BILL MOYERS: When you say that there’s no economic argument that people should be kept at the– should not share in the gains of economic growth, the response is, “Well, that’s what the market bears.”

RICHARD WOLFF: Well, you know, in the history of economics, which is my profession, it’s a standard play on words. Instead of talking about how the economy is shaped by the actions of consumers in one way, workers in another way, corporate executives in another way, we abstract from all of that and we create a myth or a mystique. It’s called the market.

That way you’re absolving everybody from responsibility. It isn’t that you’re doing this, making that decision in this way, it’s rather this thing called the market that makes things happen. Well, every corporate executive I know, knows that half of his or her job is to tweak, manipulate, shift, and change the market.

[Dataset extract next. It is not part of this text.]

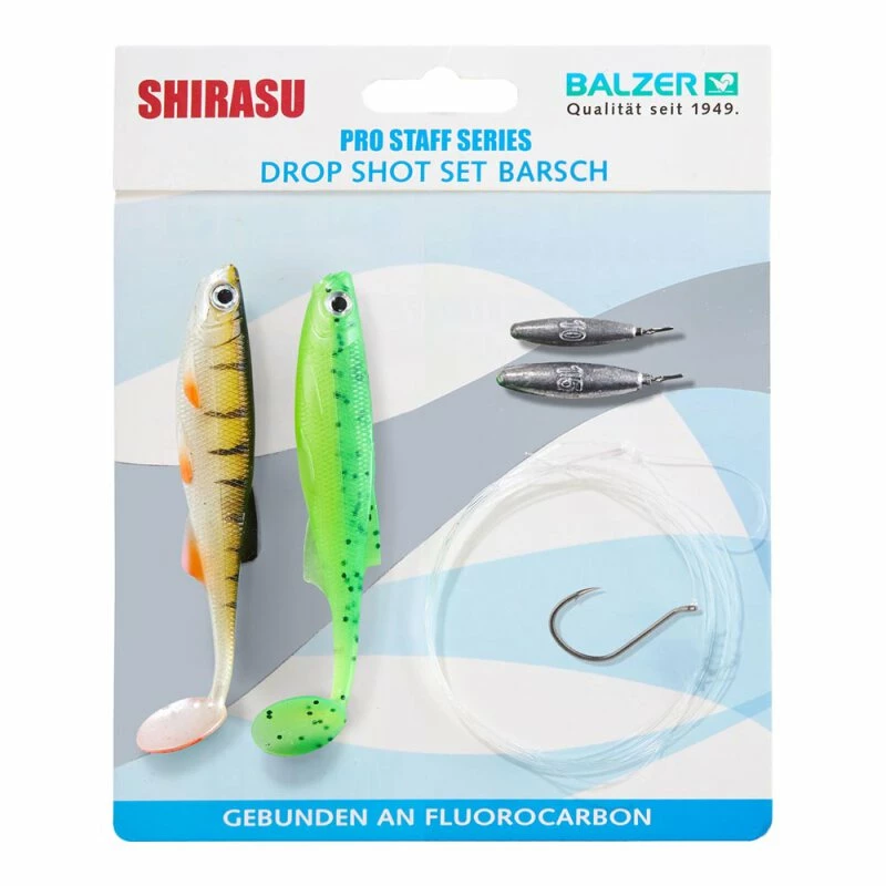 Fluorocarbon-Dropshot Rig 1,50m/0,27mm, Hakengr. 2, 2 x Dropshotblei: 10+15g, 2 x Shad2go Lemon Pepper und Hot Perch 7,5cm.

No corporate executive takes the market as given. That may happen in the classroom, but not in the world of real business. That’s what advertising is. You try to create the demand, if there isn’t enough of it to make money without doing that. You change everything you can. So the reference to a market, I think, is an evasion.

It’s an attempt to make abstract the real workings of the economy so nobody can question what this one or that one is doing. But let me take it another way. To say that it’s the market is another way of saying, “It’s our economic system that works that way.” That is a very dangerous defense move to take.


RICHARD WOLFF: Because it plays into the hands of those like me who are critical of the system. If indeed it isn’t this one or that one, it isn’t this company’s strategy or that product’s maneuver, but it is the market, the totality of the system, that is producing unconscionable results, multi-million-dollar apartments next door to abject poverty, then you’re saying that the system is at fault for these results.

I agree with that. But I’m not sure that those who push this notion of “the market makes it happen,” have thought through where the logic of that defense makes them very vulnerable to a much more profound critique than they will be comfortable with.


*This is an argument Jack Amariglio and I make in chapter 6 of Postmodern Moments in Modern Economics.

  1. Ben says:

    Markets are an example of spontaneous order, the emergence of ordered behavior from the seemingly unorganized interactions of individuals; producing results which are in many cases unpredictable. Also, a market is not an entity, a place, or a group of people. A market is fundamentally a process.

    To say that markets are “socially constructed institutions” is akin to saying living cells are constructed by an intelligent designer.